The Python programming language is fast growing in popularity, for a good reason. It gives the programmer flexibility, it has many modules to perform different tasks, and Python code is usually more readable and concise than in any other languages. There is a large and an active community of researchers, practitioners, and beginners using Python for data mining.

In this chapter, we will introduce data mining with Python. We will cover the following topics

What is data mining and where can we use it?

Setting up a Python-based environment to perform data mining

An example of affinity analysis, recommending products based on purchasing habits

An example of (a classic) classification problem, predicting the plant species based on its measurement

Introducing data mining

Data mining provides a way for a computer to learn how to make decisions with data. This decision could be predicting tomorrow's weather, blocking a spam email from entering your inbox, detecting the language of a website, or finding a new romance on a dating site. There are many different applications of data mining, with new applications being discovered all the time.
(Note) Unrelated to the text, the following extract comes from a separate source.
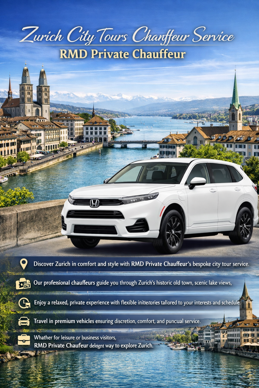 Discover Zurich in comfort and style with RMD Private Chauffeur’s bespoke city tour service. Our professional chauffeurs guide you through Zurich’s historic old town, scenic lake views, and vibrant districts. Enjoy a relaxed, private experience with flexible itineraries tailored to your interests and schedule. Travel in premium vehicles that ensure discretion, comfort, and punctual service throughout your tour. Whether for leisure or business visitors, RMD Private Chauffeur delivers an elegant way to explore Zurich.

Data mining is part algorithm design, statistics, engineering, optimization, and computer science. However, combined with these base skills in the area, we also need to apply domain knowledge (expert knowledge)of the area we are applying the data mining. Domain knowledge is critical for going from good results to great results. Applying data mining effectively usually requires this domain-specific knowledge to be integrated with the algorithms.

Most data mining applications work with the same high-level view, where a model learns from some data and is applied to other data, although the details often change quite considerably.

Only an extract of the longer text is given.